→ **Problem requirements**
The expected output is an exact copy of the lines from the one containing "花心鲜黄色,花朵浅蓝色。花瓣" to the final line below, minus any pictures.

---- Provided data

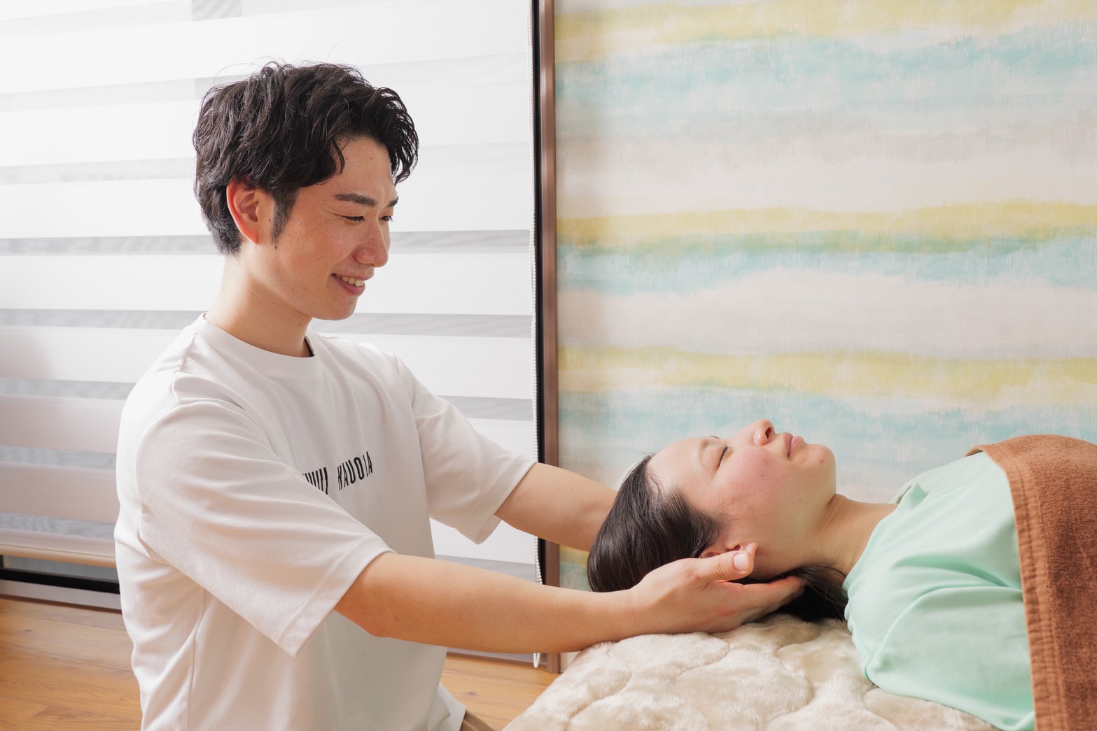 施術では、痛みを伴う強い刺激は行いません。リラックスした状態で、根本原因にアプローチしていきます。
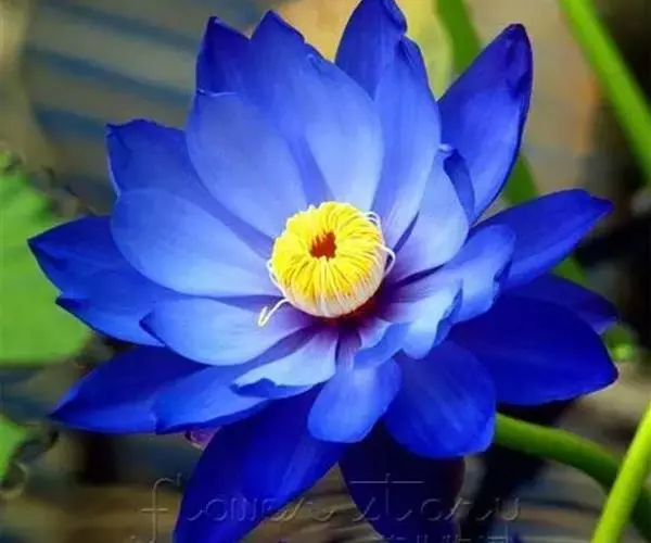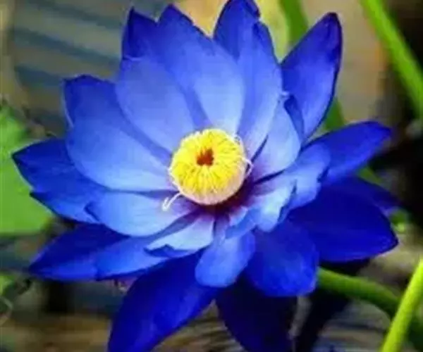 花心鲜黄色,花朵浅蓝色。花瓣15-20枚,花径15厘米,花瓣星状,顶端蓝色较深,基部渐淡,雄蕊金黄。萼片狭窄,呈线形或长披针形。雄蕊比花瓣短,花药条形,柱头具5-8辐射线。傍晚开花,午前闭合,花有香气。 [1-3]
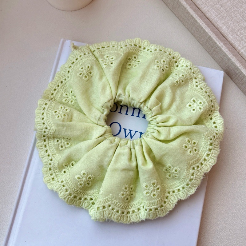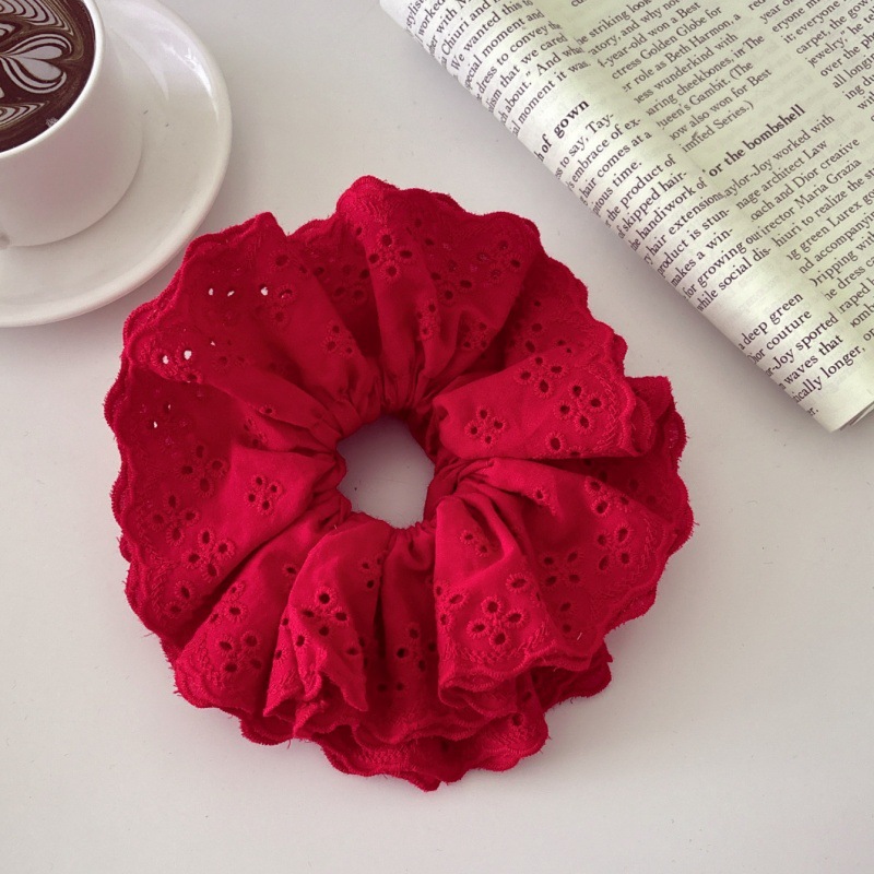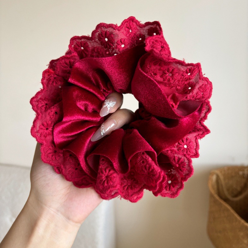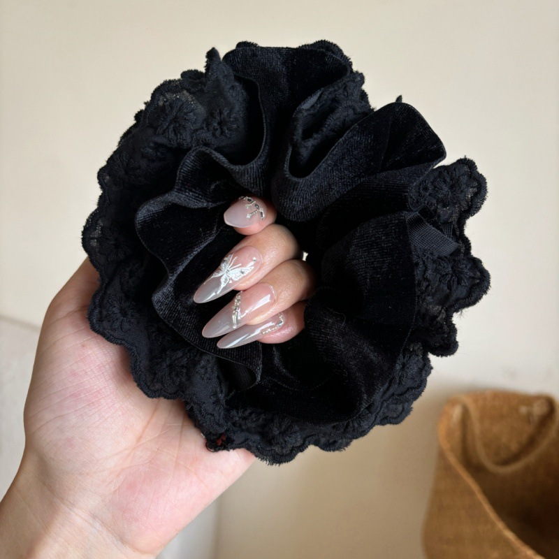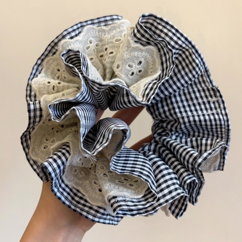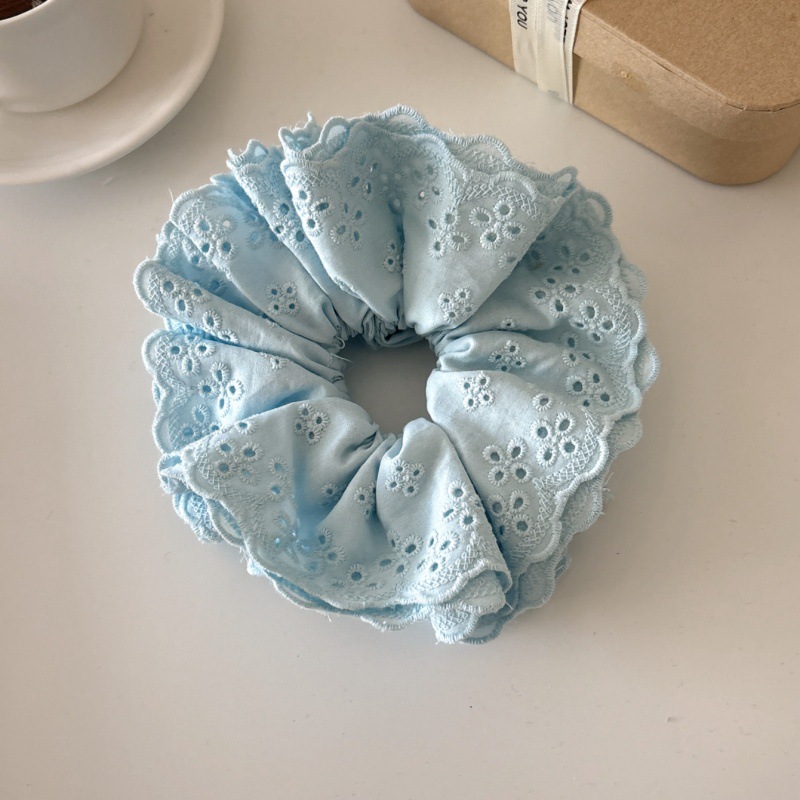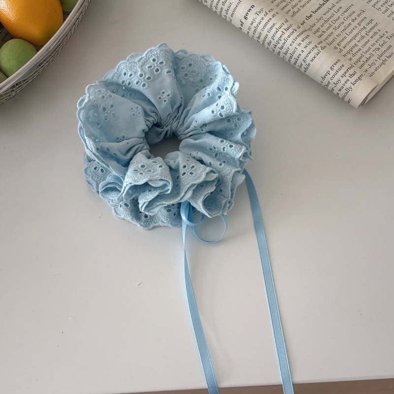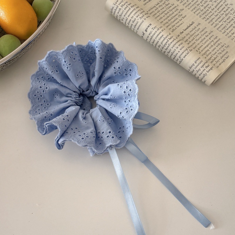 • 베이지 - 자수 레이스 오버사이즈 머리끈

--------

→ **Answer to the problem**
 花心鲜黄色,花朵浅蓝色。花瓣15-20枚,花径15厘米,花瓣星状,顶端蓝色较深,基部渐淡,雄蕊金黄。萼片狭窄,呈线形或长披针形。雄蕊比花瓣短,花药条形,柱头具5-8辐射线。傍晚开花,午前闭合,花有香气。 [1-3]
 • 베이지 - 자수 레이스 오버사이즈 머리끈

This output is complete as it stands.